Prospectuses

Rights and obligations pertaining to offering of securities to the public and admitting securities to trading on a regulated market in the Republic of Croatia, including the obligation to publish a prospectus and exemptions related thereto, are regulated by the Capital Market Act.

Except in the cases specifically provided for in the Capital Market Act, a prospectus is to be published:

  • when offering securities to the public in the territory of the Republic of Croatia
  • when admitting securities to trading on a regulated market in the Republic of Croatia.

Regulation (EU) 2017/1129 of the European Parliament and of the Council of 14 June 2017 on the prospectus to be published when securities are offered to the public or admitted to trading on a regulated market, and repealing Directive 2003/71/EC (Text with EEA relevance) ('New Prospectus Regulation) – enters into force on 20 June 2017.

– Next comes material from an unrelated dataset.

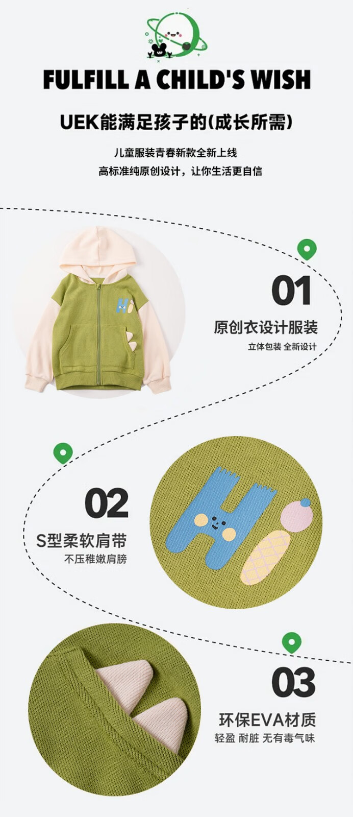原创设计,让你生活更有趣味,给孩子更多的选择,柔软舒适的面料,轻盈耐脏,无有毒有害物质,满足宝贝的天性。连帽的款式,时尚百搭,可释放出活泼的童年。时尚百搭的绿色上衣,可释放出孩子们的天性,让你生活更有自信。柔软的肩带设计,给宝贝带来更多的活动空间。高标准的缝纫工艺,从细节之处彰显品质感。这款连帽外套采用了环保的材质制作而成,轻盈耐脏,无有毒的气味,可释放出孩子们的天性。柔软的肩带设计,让宝贝的生活变得更加的自信,时尚百搭。长袖款式的一款外套,柔软舒适的面料,呵护孩子娇嫩的肌肤。时尚简约的设计风格,百搭又时髦,让你轻松成为街头的焦点。环保材质制作而成,轻盈耐脏。森林系的儿童长袖外套,精选优质的环保材质制作而成,具有良好的耐脏性,可释放出孩子的活力,原创的设计,让你的生活更加的自信。连帽的款式,时尚百搭,趣味感十足。

As from 20 July 2017 only provisions of Article 1 (5) first subparagraph points (a), (b) and (c) and Article 1 (5) second subparagraph of the New Prospectus Regulation shall apply and provisions of Article 4 (2) points (a) and (g) of Directive 2003/71/EC will be repealed and consequently the provisions of Article 352 (1) and (7) of the Capital Market Act shall cease to apply. The provisions of the third part head I. of the Capital Market Act, not specified above, will continue to apply until the start of application of the remaining provisions of the New Prospectus Regulation.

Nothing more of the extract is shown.